Upper Marlboro, Md.—Oct. 5
Every once in a while everything falls into place at the right time. For Lee Kellogg Sadrian, that time happened to be on Sochi at the Capital Challenge Horse Show.
“He was amazing,” she said. “It was like the trip of a lifetime. It was one of those things. I was going in, and I was like, ‘OK, I’ve got to settle myself. I can do this.’ And then every single jump just came perfect, so it was really fun. He just soars through the air.”
Competing in and winning the WCHR Amateur-Owner Challenge class has been a big goal for Sadrian. She lived in California from 2012 to 2016, so the WCHR program gave her something to strive for since she couldn’t come back east for the entire fall indoor season.
“It was definitely a challenge,” she said. “I love to do this because I don’t do that many shows. It becomes easier to focus on that and make that your challenge.”
Sadrian and Sochi posted a dominating score of 90.33 to take the blue ribbon over Jean Sheptoff and Heartcore’s score of 85.
“I’m so excited about this,” Sadrian said. “You rarely have the trip of a lifetime at the right time, and I did it! It’s usually when nobody is watching and it doesn’t matter.”
Sadrian purchased the 8-year-old Holsteiner (Quirado—Utah III) two years ago when he was competing in the first year green hunters with John French. That pairing won the championship at the Washington International (D.C.), and Sadrian planned to take over the reins for the following season. But before she was able to start riding him, he injured himself in the paddock and had to sit the year out to recover. Sadrian, now living in Summit, N.J., just started showing him this winter in Florida.

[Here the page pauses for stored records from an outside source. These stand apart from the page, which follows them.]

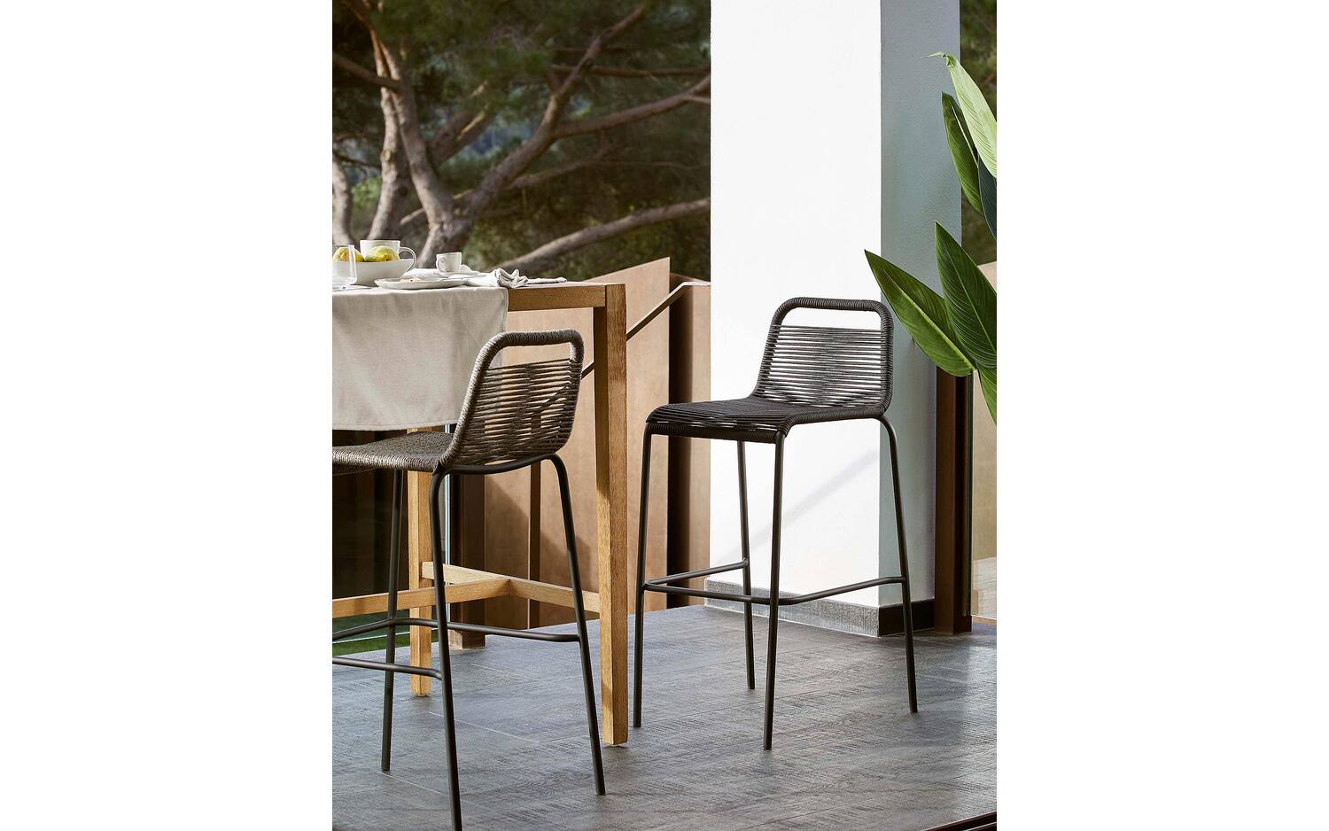 Kruk Lambton in het bruin 88 cm hoog. De zitting is gemaakt van met de hand gevlochten polyestertouw en UV-stralenbestendig, dus je kunt het ook buiten in zonnige dagen gebruiken. Bovendien is de opbouw van gegalvaniseerd staal, corrosie- en roestvri j en duurzamer dan gewoon staal. Nu kan je heerlijke drankjes delen op het balkon want deze krukken nemen, zelfs opgeborgen, heel weinig ruimte in. Je kunt ze opstapelen!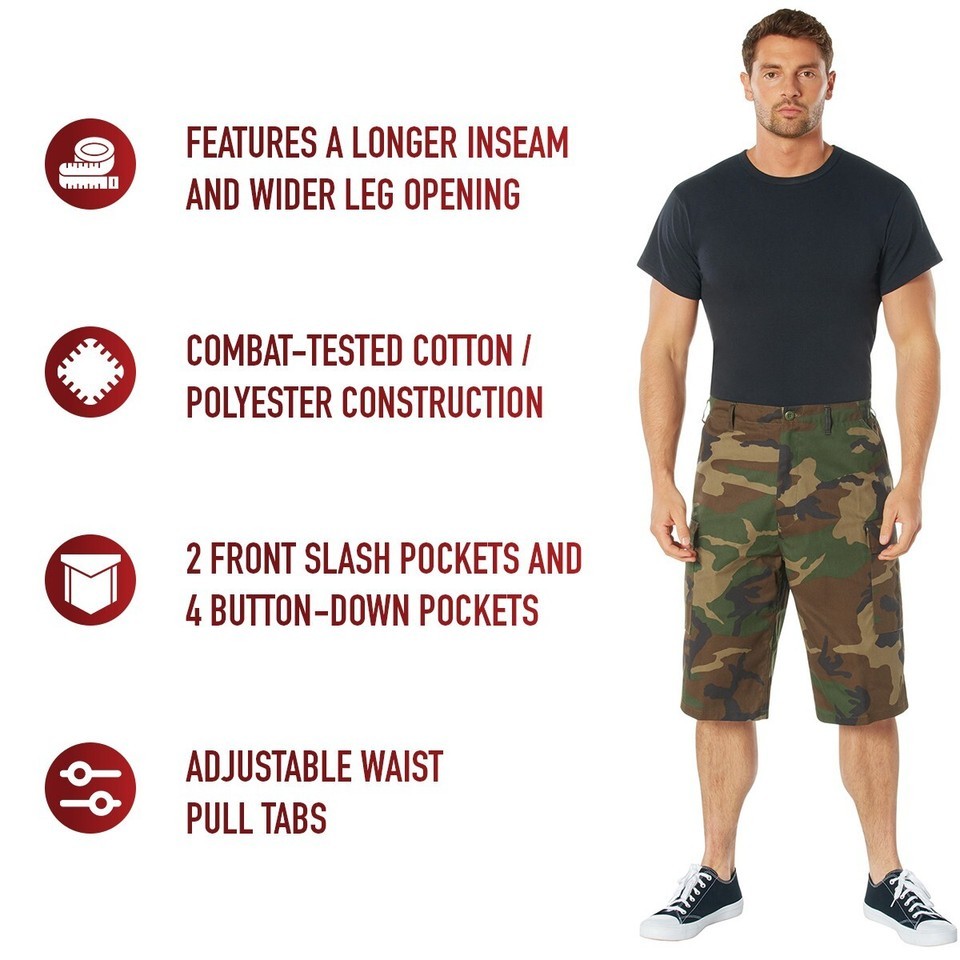 Discover Rothcoโs Long Length Camo BDU Shorts, designed with a longer inseam and wider leg opening for enhanced comfort and coverage. Crafted from a durable 55% cotton / 45% polyester blend, these shorts offer high-capacity storage and a customizable fit. Rothco stands out as the leader in camouflage clothing and accessories. Discover Rothcoโs Long Length Camo BDU Shorts, designed with a longer inseam and wider leg opening for enhanced comfort and coverage. Crafted from a durable 55% cotton / 45% polyester blend, these shorts offer high-capacity storage and a customizable fit.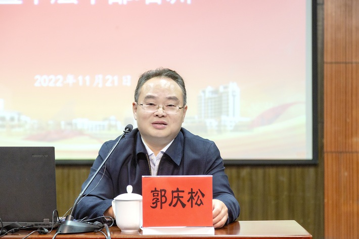 郭庆松强调,学习宣传贯彻党的二十大精神是当前和今后一个时期的首要政治任务。我们要切实掀起学习宣传贯彻的热潮,把思想和行动统一到党的二十大精神上来,把力量凝聚到党的二十大确定的各项任务上来,坚持以干事创业为导向,瞄定目标,精准发力,增强干部队伍的履职能力,激发各级党组织和广大党员斗争精神,推动新时代学校教育事业高质量发展。
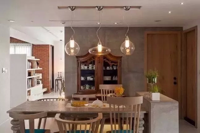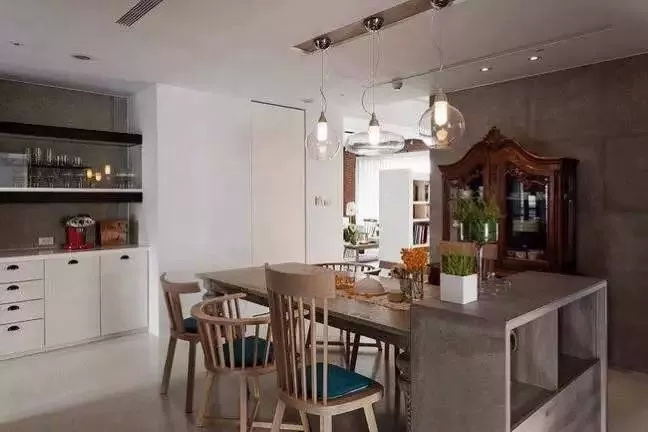 ▲ 餐桌是大多数家庭的选择,原木餐桌搭配六把温莎椅,温润的木质让我们也感受到了那份温暖,三盏柔和的小吊灯陪着这对小夫妻,享受美好的就餐环境。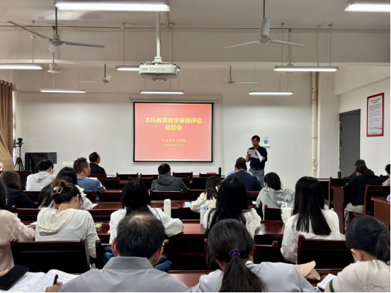 4月25日,马克思主义学院本科教育教学审核评估启动会在崇智楼A411会议室召开,就2025年下半年本科教育教学审核评估工作进行部署。学院副院长郭金明主持会议,全体教师参加会议。

“He’s a horse of a lifetime,” said Sadrian. “I’ve had some amazing horses. I’m very lucky. He’s pretty cool.”
Ingram Achieves Elusive Challenge Win
Martha Ingram is no newcomer to Capital Challenge. She’s been competing at the horse show since her pony days, but this year marked the 20-year-old’s first trip to the Prince George’s Equestrian Center as an amateur.
“I get to show with my dad and all of the amateurs are so nice and such good sports,” she said. “The horses are of top quality; you really have to be on top of your game if you want to do well here.”
The Ingrams purchased Lyons Creek Bellini, an 11-year-old Polish Warmblood, in 2015, but this was his first time at Capital Challenge. He and Ingram have won consistent ribbons since beginning their partnership and the highlight of their year was a champion and grand champion win in the low amateur-owner, 18-35, division at Devon (Pa.)
“I hadn’t been champion or reserve or anything so that was really rewarding,” Ingram said. “[Devon is] one of my favorite horse shows. It was really awesome to be able to do that.”
Ingram has always sought a challenge win but it evaded her through the medium pony and junior hunter divisions. The long-awaited win was made especially meaningful because of Ingram’s partnership with Bellini.
“[Bellini] is one of the smartest horses I’ve ever had,” Ingram said. “He knows when it’s game time. He loves his treats. You probably heard him whinnying in the victory gallop. He likes to announce himself in the ring. I couldn’t have asked more of him today.”
Ingram balances her show schedule with full-time academics. She attends Furman University (S.C.) and is considering pursuing a degree in political science. She does not ride at school in favor of focusing on her studies, but she occasionally makes weekend trips home to Nashville, Tenn., that include saddle time.